Capital Radio is the first private broadcaster in Zimbabwe. It has been broadcasting since 28 September 2000 in the absence of any broadcasting regulatory framework and following a Supreme Court ruling on 22 September which nullified the state's broadcasting monopoly. Police on the night of October 4 located and raided the studios of the broadcaster at Harare's Monomotapa Hotel. Various workshops on the liberalisation of the airwaves have prepared this statement, clarifying much of the confusion around the legalities of Capital Radio broadcasts and the regulations currently in place.

authors: Mike Auret and Gerry Jackson

History 
The directors and shareholders of Capital Radio have both been prevented from broadcasting by the ZBC at various times in the past. Gerry Jackson hosted a radio show on Radio 3, which was closed down because she allowed people to talk about the conduct of the police during the riots in 1997. Michael Auret was at various times obstructed or prevented from airing adverts and programmes for the National Constitutional Assembly on constitution making, The Legal Resources Foundation on voter education, the Movement for Democratic Change for its campaign and at other times was charged exorbitant rates to air public health programmes against HIV/AIDS on behalf of the Zimbabwe National Family Planning Council. These should have benefited from a subsidy, as they were part of the public mandate of what was supposed to be a Public broadcaster; nonetheless they actually attracted a higher premium than even commercial broadcasts.

Without any channel to broadcast in the manner they wished, Gerry and Mike decided to make application to the Supreme Court to uphold their right and the right of Zimbabweans to Freedom of Expression by overturning the monopoly of ZBC on broadcasting and set up their own station that would allow Zimbabweans to speak.

Initially at the advice of our legal counsel at that time, the PTC was cited alongside the Minister of Information and the ZBC as respondents because it was believed at that time that the PTC would have a role to play as licenser of frequencies. This proved to be unnecessary, however, because once Section 25 of the Broadcasting Act and section 14 of the Radio communication Services Act were repealed they left a legislative vacuum as regards the licensing of a radio broadcaster and the allocation of a frequency. The Supreme Court thus removed the PTC from the proceedings and it was thus no longer necessary in law to apply to them for a frequency. All Jonathan Moyo’s statements to the contrary were untrue and where they implied that we were acting in a criminal manner they were defamatory for which we will be taking action against him and the publishers of those statements.

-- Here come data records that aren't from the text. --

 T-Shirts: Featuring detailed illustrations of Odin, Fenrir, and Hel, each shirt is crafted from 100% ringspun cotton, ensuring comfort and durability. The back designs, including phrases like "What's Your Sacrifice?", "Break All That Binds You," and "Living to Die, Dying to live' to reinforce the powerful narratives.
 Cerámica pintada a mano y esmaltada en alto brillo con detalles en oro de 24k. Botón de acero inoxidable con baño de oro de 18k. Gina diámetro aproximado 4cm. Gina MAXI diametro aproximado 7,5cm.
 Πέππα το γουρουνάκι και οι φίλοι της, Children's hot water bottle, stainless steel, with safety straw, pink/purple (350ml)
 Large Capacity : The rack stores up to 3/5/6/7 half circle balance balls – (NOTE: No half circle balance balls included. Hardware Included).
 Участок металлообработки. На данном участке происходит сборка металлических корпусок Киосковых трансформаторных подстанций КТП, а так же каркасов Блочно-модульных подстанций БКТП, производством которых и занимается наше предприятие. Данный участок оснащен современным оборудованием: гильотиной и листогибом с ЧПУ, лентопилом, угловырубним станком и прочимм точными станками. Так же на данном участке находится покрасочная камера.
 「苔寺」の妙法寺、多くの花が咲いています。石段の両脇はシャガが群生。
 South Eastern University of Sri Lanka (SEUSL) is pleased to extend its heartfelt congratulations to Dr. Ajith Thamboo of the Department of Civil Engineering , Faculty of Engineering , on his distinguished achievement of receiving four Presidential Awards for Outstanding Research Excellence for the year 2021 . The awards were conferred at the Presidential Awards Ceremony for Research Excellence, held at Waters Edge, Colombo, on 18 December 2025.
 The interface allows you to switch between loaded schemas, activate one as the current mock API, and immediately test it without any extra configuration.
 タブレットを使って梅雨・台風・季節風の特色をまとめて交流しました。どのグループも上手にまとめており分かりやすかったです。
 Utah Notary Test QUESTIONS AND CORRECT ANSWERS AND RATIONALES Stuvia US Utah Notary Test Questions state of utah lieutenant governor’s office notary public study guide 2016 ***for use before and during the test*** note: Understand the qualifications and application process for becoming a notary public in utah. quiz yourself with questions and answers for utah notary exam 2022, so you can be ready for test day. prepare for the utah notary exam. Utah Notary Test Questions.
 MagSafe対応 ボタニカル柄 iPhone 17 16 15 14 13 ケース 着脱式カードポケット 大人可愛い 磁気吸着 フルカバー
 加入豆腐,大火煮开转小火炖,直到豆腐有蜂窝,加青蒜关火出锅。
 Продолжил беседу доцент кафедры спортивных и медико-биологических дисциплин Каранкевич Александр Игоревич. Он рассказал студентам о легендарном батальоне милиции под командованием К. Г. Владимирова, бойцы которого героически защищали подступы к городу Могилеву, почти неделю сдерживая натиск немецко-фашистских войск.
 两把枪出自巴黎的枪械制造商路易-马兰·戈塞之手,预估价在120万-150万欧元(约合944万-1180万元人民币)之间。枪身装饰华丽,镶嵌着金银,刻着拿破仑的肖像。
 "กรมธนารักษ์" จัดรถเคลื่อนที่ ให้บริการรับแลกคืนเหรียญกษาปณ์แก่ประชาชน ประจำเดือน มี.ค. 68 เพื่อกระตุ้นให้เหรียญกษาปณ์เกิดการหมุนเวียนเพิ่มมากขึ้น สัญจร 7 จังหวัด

Obviously this situation was not ideal because anyone at that stage could use the absence of legislation to choose a frequency and start broadcasting. As a result of this situation the Supreme Court felt that it was in the interests of society that the relevant Ministry be given the opportunity to regulate the frequency allocation before it created the conditions for a free for all. The Supreme Court thus asked the directors of Capital if we could try and settle the matter with the Ministry of Information by proposing that we allow them 60 days in which to prepare the regulations and to license us under those regulations. We made this proposal on the 18th September. 4 days later on our return to court we were told that Jonathan Moyo had said that it would be "over his rotting corpse" that we would get a license and his counter proposal was that we wait for legislation to be passed in 2001. (At a later hearing Jonathan Moyo repeated to our legal counsel that it would be "over his dead body" that Capital would receive a license. Since he has already pre-judged the issue we cannot obviously trust his proceedings).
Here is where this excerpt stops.